Thursday, February 24, 2022

Where is Gerhard?

Putin did it, "Ukraine fired for the first time tonight on its own territory of the Luhansk and Donetsk People's Republics, with regular soldiers. We have now been firing back since 5:58 a.m." This is the slightly modified text Hitler pronounced on German radio on September 1, 1939, to justify his military invasion of Poland.
*Compared with the original text from 1939, Putin is 13 minutes late 

The official press release of this morning reads as follows:

"In the conflict with Ukraine, Kremlin leader Vladimir Putin officially ordered a foreign deployment of the Russian military in the Luhansk and Donetsk regions. This was announced by the Kremlin in Moscow at 5:58 a.m. Moscow Time. Putin is thus responding to a written request from the heads of the Luhansk and Donetsk People's Republics for assistance in fending off attacks by the Ukrainian army."
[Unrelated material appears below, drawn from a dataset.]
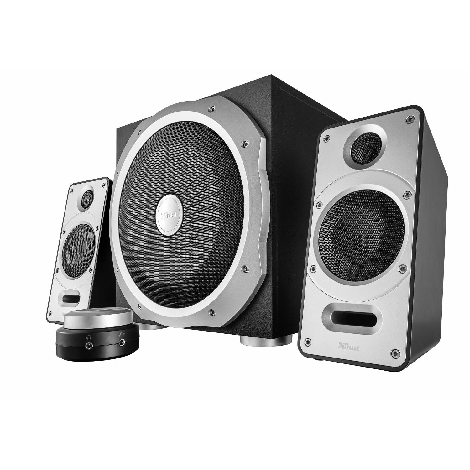 De set van Trust kom je veel in de winkel tegen. Het lijkt een goede deal, twee redelijk aanvoelende tweewegsatellieten en een imposante subwoofer met een geclaimd vermogen van 120 watt. De praktijk valt anders uit. De tweeter op de satellieten blijkt niets anders dan een in het plastic gestanst patroon, er is maar één driver in aanwezig. De Byron is functioneel identiek aan de goedkopere, ook nog verkrijgbare Tytan van het merk. Ook hier treffen we een aux-ingang en een hoofdtelefoon op de bedrade afstandsbediening. Het geluid is ondermaats. Vocalen klinken dof, bijna alsof je ze onder water hoort. Er is vrijwel geen definitie, waardoor individuele instrumenten niet te plaatsen zijn en de bas is ongecontroleerd. Bij hogere volumes in het laag gaat de subwoofer bonken. Voor de helft van de prijs zouden we al niet enthousiast zijn, maar bij de vraagprijs van negentig euro kunnen we de Byron alleen maar afraden.
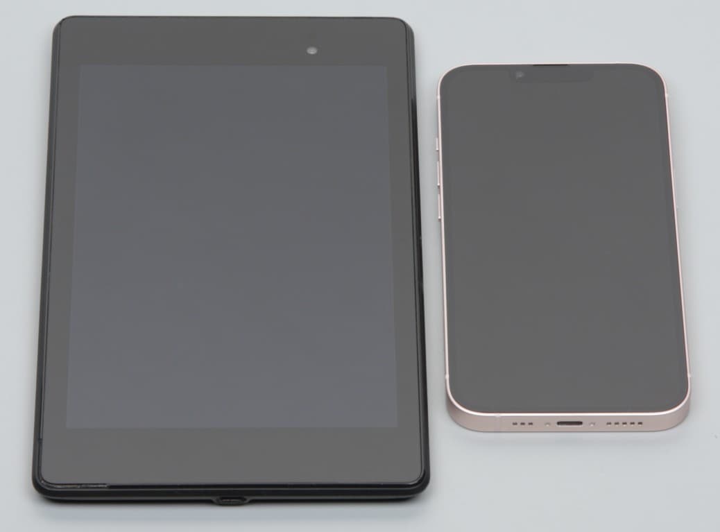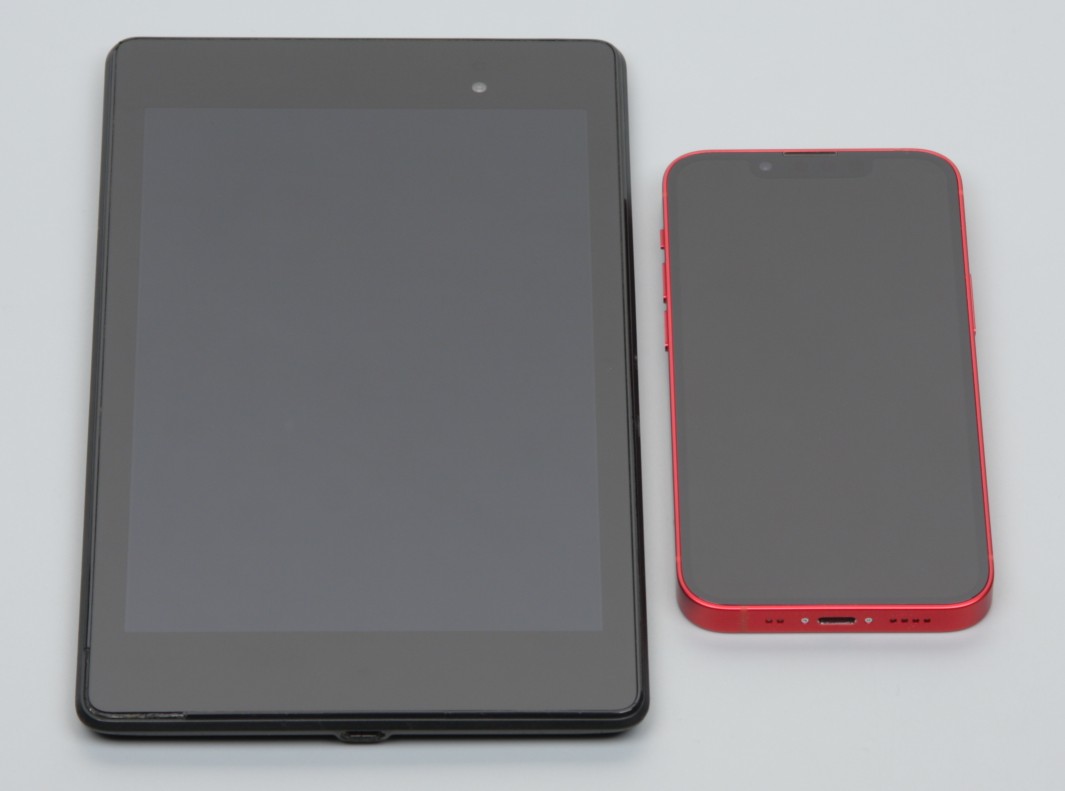 Лицевая поверхность экрана выполнена в виде стеклянной пластины с зеркально-гладкой поверхностью, устойчивой к появлению царапин. Судя по отражению объектов, антибликовые свойства экрана чуть лучше, чем у экрана Google Nexus 7 (2013) (далее просто Nexus 7). Для наглядности приведем фотографию, на которой в выключенных экранах отражается белая поверхность (слева — Nexus 7, справа — Apple iPhone 13 mini, далее их можно различать по размеру):

From now on, Red Baron will count Putin together with Louis XIV, Frederick the Great, Napoleon, and the above-cited Gröfaz (greatest commander of all times) among the great warmongers.
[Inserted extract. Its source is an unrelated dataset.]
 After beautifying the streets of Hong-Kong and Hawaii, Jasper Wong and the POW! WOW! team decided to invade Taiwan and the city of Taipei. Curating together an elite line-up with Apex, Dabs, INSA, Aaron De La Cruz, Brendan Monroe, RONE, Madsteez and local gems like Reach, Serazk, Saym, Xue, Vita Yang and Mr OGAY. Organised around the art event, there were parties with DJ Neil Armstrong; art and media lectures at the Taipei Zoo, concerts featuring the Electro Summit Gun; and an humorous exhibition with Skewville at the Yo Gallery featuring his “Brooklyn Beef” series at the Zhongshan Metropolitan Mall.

In my opus magnum "Freiburgs Geschichte in Zitaten," I wrote in the introduction:

"The historian Heinrich von Treitschke knew, 'Great men make history.' On closer inspection, one realizes that there are always ambitious and ultimately inhumane rulers who make great history … [But those] epochs of great men with great histories are usually followed by long periods of small histories in which the previously battered common man struggles in his and the many widowed women in their way to survive and to set things right again."

"During the Thirty Years War, Sebastian Franck noted in his Kriegsbüchlein (booklet of war), 'The greatest evil in wars always falls on those who are least to blame for it, on peasants, widows, and orphans. '" 

How gruesome and true.

©mdr
So let me ask again, "Wo ist Gerhard Schröder," former German chancellor, Putin's bosom buddy, and a boss at the Russian natural gas supplier Gazprom?

Well, at 3 p.m., Gerhard made the following statement:

"The war and the suffering it causes for the people of Ukraine must end as soon as possible. This is the responsibility of the Russian government." But then the Kremlin lobbyist warns, "Looking to the future, it is important that care is taken now with necessary sanctions not to completely cut the remaining political, economic and civil society ties that exist between Europe and Russia."

Did you expect anything else?

The helplessness of Western democracies (©Facebook)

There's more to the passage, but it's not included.